Task material –
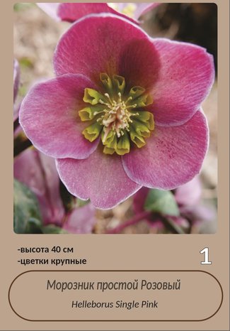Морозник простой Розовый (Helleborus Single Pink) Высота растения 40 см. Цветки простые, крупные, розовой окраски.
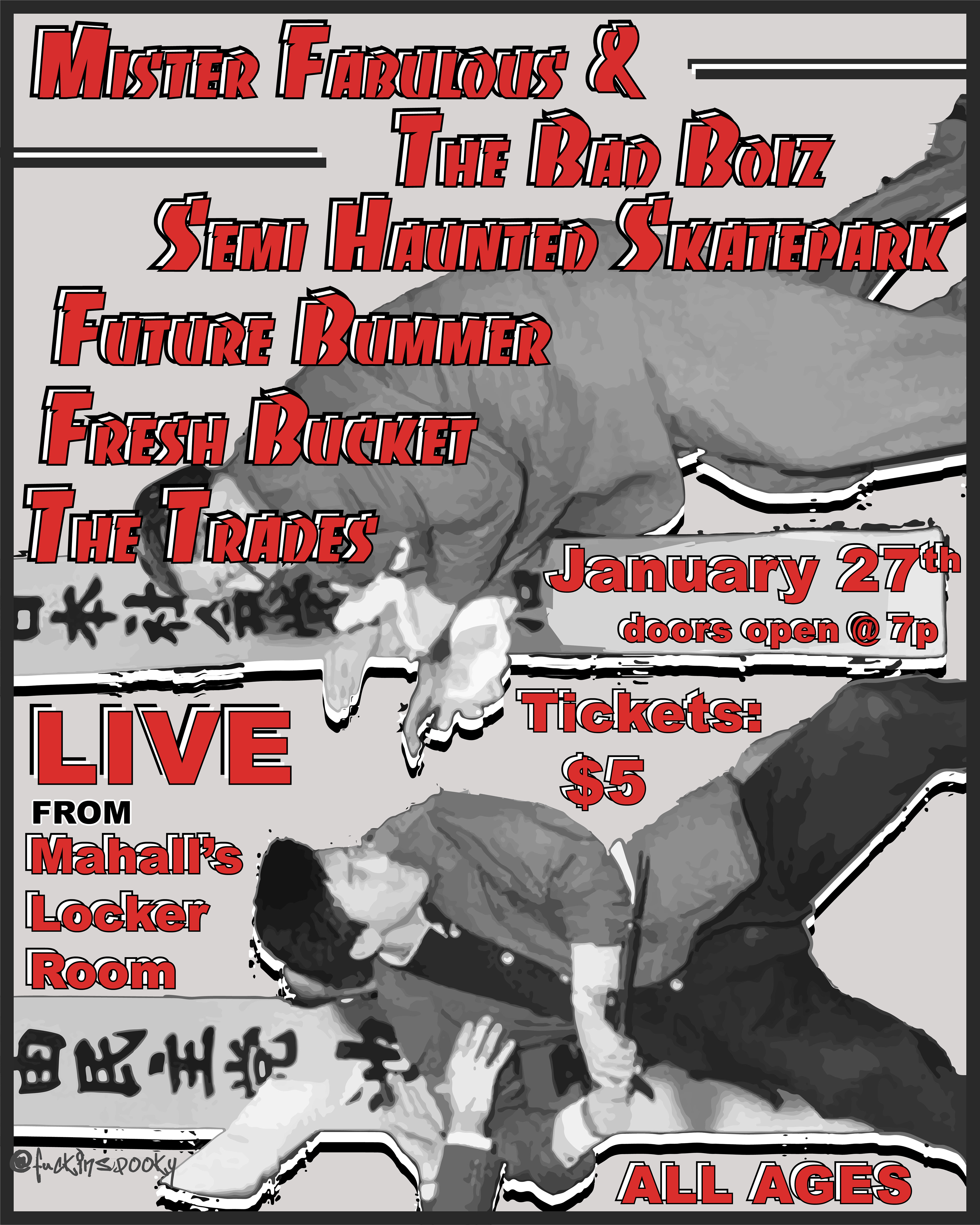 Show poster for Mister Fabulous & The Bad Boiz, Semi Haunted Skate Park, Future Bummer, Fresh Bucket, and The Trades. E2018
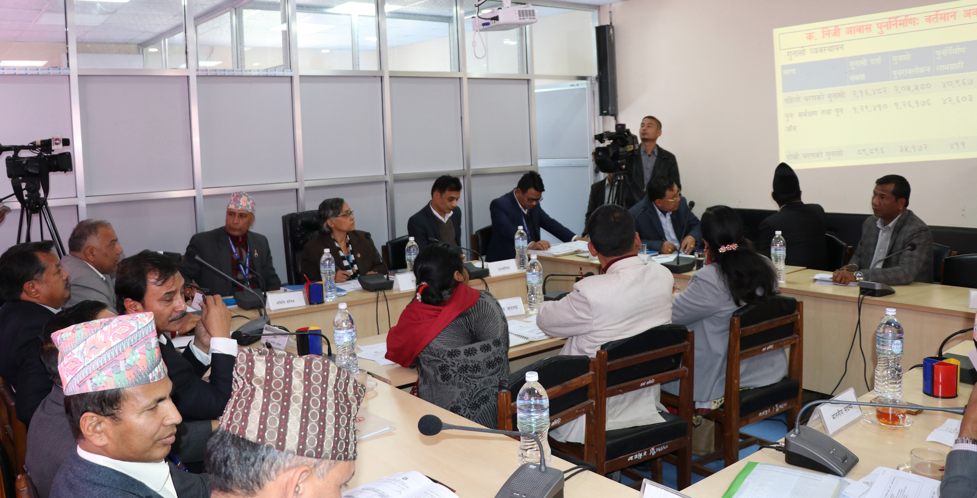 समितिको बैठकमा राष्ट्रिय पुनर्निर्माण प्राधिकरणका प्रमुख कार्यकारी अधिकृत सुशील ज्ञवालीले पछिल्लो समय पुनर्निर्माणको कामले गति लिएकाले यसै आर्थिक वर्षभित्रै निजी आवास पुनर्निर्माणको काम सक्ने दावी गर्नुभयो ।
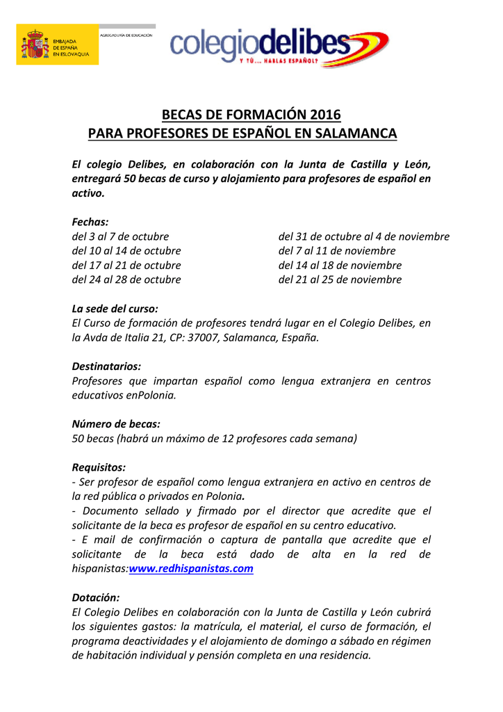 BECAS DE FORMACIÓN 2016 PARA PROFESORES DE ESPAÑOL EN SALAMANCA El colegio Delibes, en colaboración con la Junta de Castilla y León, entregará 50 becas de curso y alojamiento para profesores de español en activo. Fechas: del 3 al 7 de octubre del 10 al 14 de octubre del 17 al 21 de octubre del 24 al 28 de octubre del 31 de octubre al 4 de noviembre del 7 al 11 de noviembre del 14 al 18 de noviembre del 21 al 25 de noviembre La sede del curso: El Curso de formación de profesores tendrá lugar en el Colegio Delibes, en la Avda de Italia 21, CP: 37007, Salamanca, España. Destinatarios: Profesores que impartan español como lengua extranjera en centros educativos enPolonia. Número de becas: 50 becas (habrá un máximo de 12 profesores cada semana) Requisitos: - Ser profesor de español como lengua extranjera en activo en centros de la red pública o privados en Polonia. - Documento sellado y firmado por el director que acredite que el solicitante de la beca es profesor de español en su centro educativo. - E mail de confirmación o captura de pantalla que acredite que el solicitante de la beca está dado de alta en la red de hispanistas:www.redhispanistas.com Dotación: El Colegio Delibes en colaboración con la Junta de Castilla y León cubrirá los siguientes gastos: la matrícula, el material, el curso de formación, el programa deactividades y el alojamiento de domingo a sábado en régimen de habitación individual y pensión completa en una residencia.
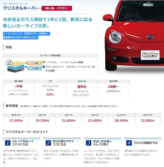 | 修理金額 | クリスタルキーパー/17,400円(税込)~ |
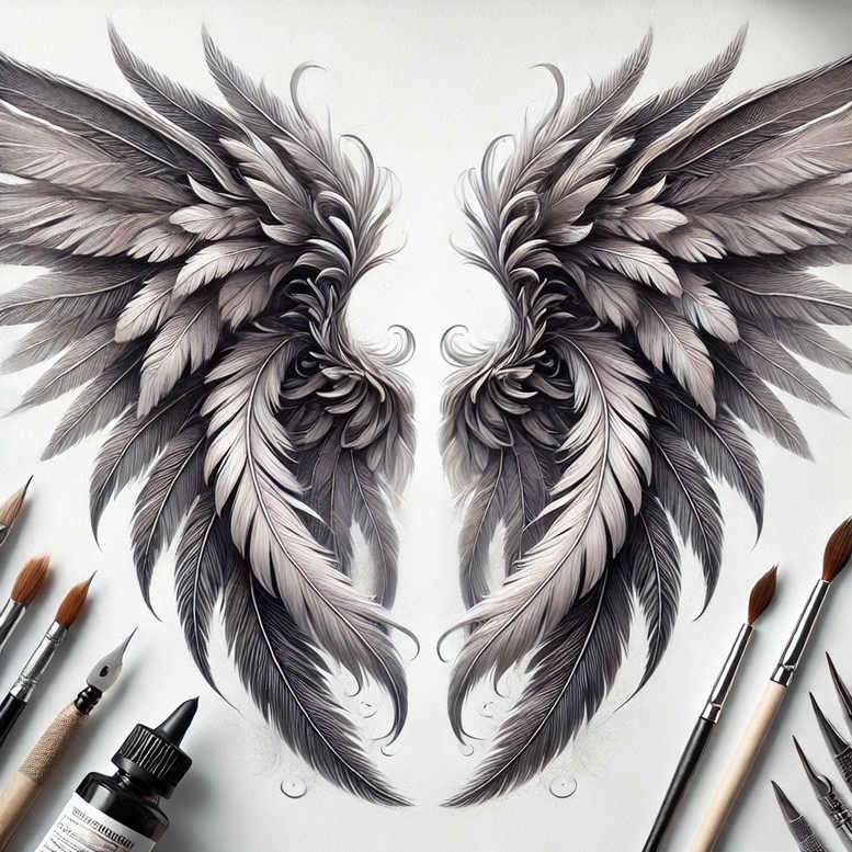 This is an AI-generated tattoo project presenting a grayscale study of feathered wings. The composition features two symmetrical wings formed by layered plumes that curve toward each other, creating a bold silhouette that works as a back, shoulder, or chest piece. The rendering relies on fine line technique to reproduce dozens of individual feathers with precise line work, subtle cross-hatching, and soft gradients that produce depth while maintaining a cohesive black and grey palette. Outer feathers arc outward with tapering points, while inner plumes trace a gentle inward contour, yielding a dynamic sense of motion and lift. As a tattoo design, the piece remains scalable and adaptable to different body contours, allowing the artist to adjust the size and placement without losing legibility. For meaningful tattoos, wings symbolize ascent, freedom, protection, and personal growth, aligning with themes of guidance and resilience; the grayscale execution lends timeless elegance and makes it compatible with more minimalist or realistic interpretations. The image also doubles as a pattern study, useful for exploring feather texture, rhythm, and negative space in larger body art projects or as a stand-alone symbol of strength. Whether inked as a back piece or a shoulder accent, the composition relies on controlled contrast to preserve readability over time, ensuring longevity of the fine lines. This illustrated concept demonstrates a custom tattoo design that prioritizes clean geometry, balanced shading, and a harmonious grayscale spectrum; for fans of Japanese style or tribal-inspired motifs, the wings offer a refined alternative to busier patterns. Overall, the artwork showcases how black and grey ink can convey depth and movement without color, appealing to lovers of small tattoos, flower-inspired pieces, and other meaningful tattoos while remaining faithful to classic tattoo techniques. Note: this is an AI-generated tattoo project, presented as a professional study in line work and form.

Task – When copying the entries, drop the images and keep every line exact.

Your response –
Морозник простой Розовый (Helleborus Single Pink) Высота растения 40 см. Цветки простые, крупные, розовой окраски.
 Show poster for Mister Fabulous & The Bad Boiz, Semi Haunted Skate Park, Future Bummer, Fresh Bucket, and The Trades. E2018
 समितिको बैठकमा राष्ट्रिय पुनर्निर्माण प्राधिकरणका प्रमुख कार्यकारी अधिकृत सुशील ज्ञवालीले पछिल्लो समय पुनर्निर्माणको कामले गति लिएकाले यसै आर्थिक वर्षभित्रै निजी आवास पुनर्निर्माणको काम सक्ने दावी गर्नुभयो ।
 BECAS DE FORMACIÓN 2016 PARA PROFESORES DE ESPAÑOL EN SALAMANCA El colegio Delibes, en colaboración con la Junta de Castilla y León, entregará 50 becas de curso y alojamiento para profesores de español en activo. Fechas: del 3 al 7 de octubre del 10 al 14 de octubre del 17 al 21 de octubre del 24 al 28 de octubre del 31 de octubre al 4 de noviembre del 7 al 11 de noviembre del 14 al 18 de noviembre del 21 al 25 de noviembre La sede del curso: El Curso de formación de profesores tendrá lugar en el Colegio Delibes, en la Avda de Italia 21, CP: 37007, Salamanca, España. Destinatarios: Profesores que impartan español como lengua extranjera en centros educativos enPolonia. Número de becas: 50 becas (habrá un máximo de 12 profesores cada semana) Requisitos: - Ser profesor de español como lengua extranjera en activo en centros de la red pública o privados en Polonia. - Documento sellado y firmado por el director que acredite que el solicitante de la beca es profesor de español en su centro educativo. - E mail de confirmación o captura de pantalla que acredite que el solicitante de la beca está dado de alta en la red de hispanistas:www.redhispanistas.com Dotación: El Colegio Delibes en colaboración con la Junta de Castilla y León cubrirá los siguientes gastos: la matrícula, el material, el curso de formación, el programa deactividades y el alojamiento de domingo a sábado en régimen de habitación individual y pensión completa en una residencia.
 | 修理金額 | クリスタルキーパー/17,400円(税込)~ |
 This is an AI-generated tattoo project presenting a grayscale study of feathered wings. The composition features two symmetrical wings formed by layered plumes that curve toward each other, creating a bold silhouette that works as a back, shoulder, or chest piece. The rendering relies on fine line technique to reproduce dozens of individual feathers with precise line work, subtle cross-hatching, and soft gradients that produce depth while maintaining a cohesive black and grey palette. Outer feathers arc outward with tapering points, while inner plumes trace a gentle inward contour, yielding a dynamic sense of motion and lift. As a tattoo design, the piece remains scalable and adaptable to different body contours, allowing the artist to adjust the size and placement without losing legibility. For meaningful tattoos, wings symbolize ascent, freedom, protection, and personal growth, aligning with themes of guidance and resilience; the grayscale execution lends timeless elegance and makes it compatible with more minimalist or realistic interpretations. The image also doubles as a pattern study, useful for exploring feather texture, rhythm, and negative space in larger body art projects or as a stand-alone symbol of strength. Whether inked as a back piece or a shoulder accent, the composition relies on controlled contrast to preserve readability over time, ensuring longevity of the fine lines. This illustrated concept demonstrates a custom tattoo design that prioritizes clean geometry, balanced shading, and a harmonious grayscale spectrum; for fans of Japanese style or tribal-inspired motifs, the wings offer a refined alternative to busier patterns. Overall, the artwork showcases how black and grey ink can convey depth and movement without color, appealing to lovers of small tattoos, flower-inspired pieces, and other meaningful tattoos while remaining faithful to classic tattoo techniques. Note: this is an AI-generated tattoo project, presented as a professional study in line work and form.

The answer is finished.